Secondarily, there are extensions, which provide capabilities that can be added to the Collector, but which do not require direct access to telemetry data and are not part of pipelines. They are also enabled within the service section.

An example configuration would look like:

receivers:
  otlp:
    protocols:
      grpc:
      http:

processors:
  batch:

exporters:
  otlp:
    endpoint: otelcol:4317

extensions:
  health_check:
  pprof:
  zpages:

service:
  extensions: [health_check, pprof, zpages]
  pipelines:
    traces:
      receivers: [otlp]
      processors: [batch]
      exporters: [otlp]
    metrics:
      receivers: [otlp]
      processors: [batch]
      exporters: [otlp]
    logs:
      receivers: [otlp]
      processors: [batch]
      exporters: [otlp]

Note that receivers, processors, exporters and/or pipelines are defined via component identifiers in type[/name] format (e.g. otlp or otlp/2). Components of a given type can be defined more than once as long as the identifiers are unique. For example:

receivers:
  otlp:
    protocols:
      grpc:
      http:
  otlp/2:
    protocols:
      grpc:
        endpoint: 0.0.0.0:55690

processors:
  batch:
  batch/test:

exporters:
  otlp:
    endpoint: otelcol:4317
  otlp/2:
    endpoint: otelcol2:4317

extensions:
  health_check:
  pprof:
  zpages:

service:
  extensions: [health_check, pprof, zpages]
  pipelines:
    traces:
      receivers: [otlp]
      processors: [batch]
      exporters: [otlp]
    traces/2:
      receivers: [otlp/2]
      processors: [batch/test]
      exporters: [otlp/2]
    metrics:
      receivers: [otlp]
      processors: [batch]
      exporters: [otlp]
    logs:
      receivers: [otlp]
      processors: [batch]
      exporters: [otlp]

The configuration can also include other files, causing the Collector to merge the two files in a single in-memory representation of the YAML configuration:

receivers:
  otlp:
    protocols:
      grpc:

exporters: ${file:exporters.yaml}

service:
  extensions: []
  pipelines:
    traces:
      receivers: [otlp]
      processors: []
      exporters: [otlp]

With the exporters.yaml file being:

otlp:
  endpoint: otelcol.observability.svc.cluster.local:443

The final result in memory will be:

receivers:
  otlp:
    protocols:
      grpc:

exporters:
  otlp:
    endpoint: otelcol.observability.svc.cluster.local:443

service:
  extensions: []
  pipelines:
    traces:
      receivers: [otlp]
      processors: []
      exporters: [otlp]

Receivers

A receiver, which can be push or pull based, is how data gets into the Collector. Receivers may support one or more data sources.
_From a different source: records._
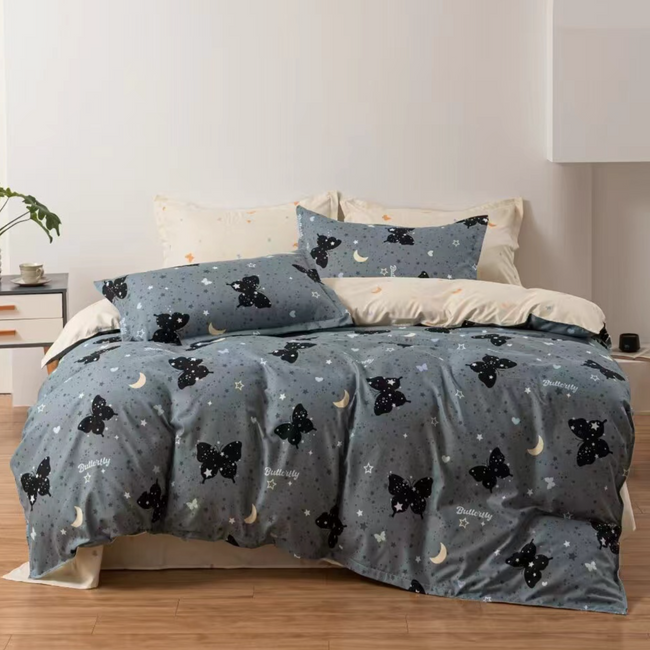 Pościel gładka dwukolorowa 200x220 4 el. z prześcieradłem z gumką grafitowa - kremowa H01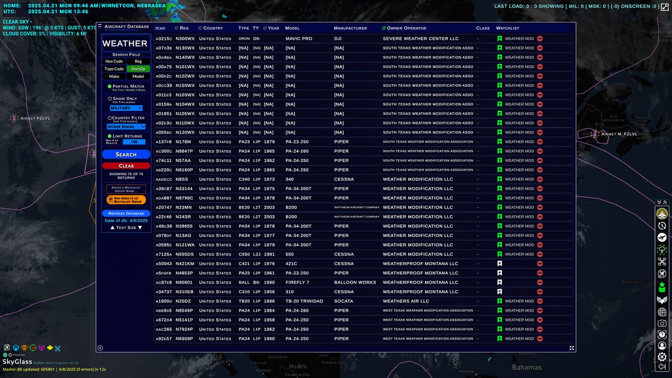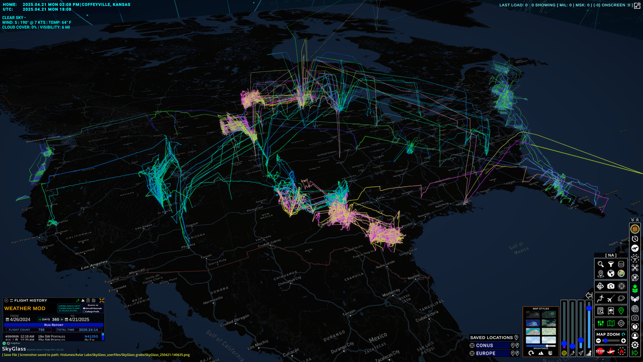 If this topic has stirred something in you—curiosity, concern, or a desire to verify what’s really happening above your region—SkyGlass Pro+ offers the most advanced aviation intelligence tools available. Included in this report are actual screenshots from SkyGlass showing flight traces of registered weather modification aircraft over the last 90 days, a task completed in just a few clicks within the SkyGlass platform.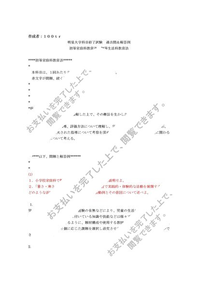 2科目【2016明星過去問&解答例】初等家庭科教育法、初等生活科教育法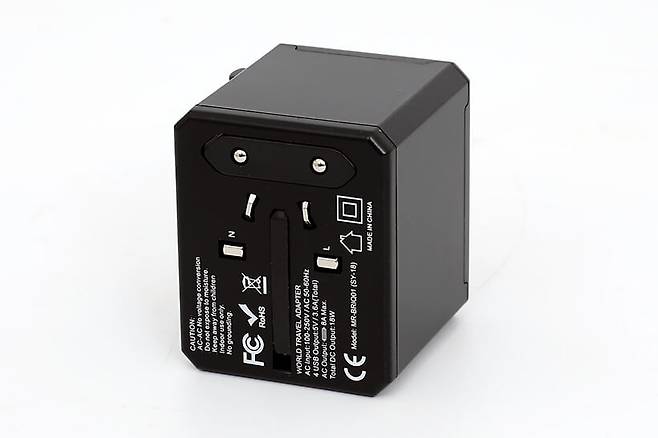 멀티 콘센트 반대편에는 멀티 콘센트에 끼울 수 있는 모든 형태의 플러그 핀이 내장된 것이 살짝 보이며, 각종 인증 마크도 확인할 수 있다.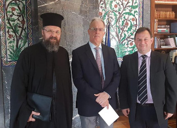 Συνάντηση μιας ώρας και ενημέρωση επί του συνολικού έργου που επιτελείται στον τομέα του Θρησκευτικού Τουρισμού από την Εκκλησία της Ελλάδος πραγματοποίησε χθες, 9 Οκτωβρίου 2019, στις 11.00 π.μ., ο Πανοσιολογιώτατος Αρχιμ. κ. Σπυρίδων Κατραμάδος, Γραμματεύς του Συνοδικού Γραφείου των Προσκυνηματικών Περιηγήσεων, συνοδευόμενος από τον κ. Βασίλειο Γιόγακα, Βουλευτή Θεσπρωτίας, στον συμπατριώτη του εξ Ηπείρου Εξοχώτατο Πρόεδρο της Βουλής των Ελλήνων, κ. Κωνσταντίνο Τασούλα, στο Γραφείο του στη Βουλή.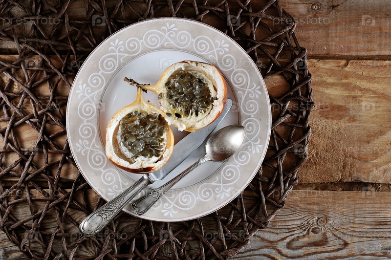 Маракуйя гранадилья или гренадия на деревянном деревенском фоне

The receivers: section is how receivers are configured. Many receivers come with default settings so simply specifying the name of the receiver is enough to configure it (for example, zipkin:). If configuration is required or a user wants to change the default configuration then such configuration must be defined in this section. Configuration parameters specified for which the receiver provides a default configuration are overridden.

Configuring a receiver does not enable it. Receivers are enabled via pipelines within the service section.

One or more receivers must be configured. By default, no receivers are configured. A basic example of receivers is provided below.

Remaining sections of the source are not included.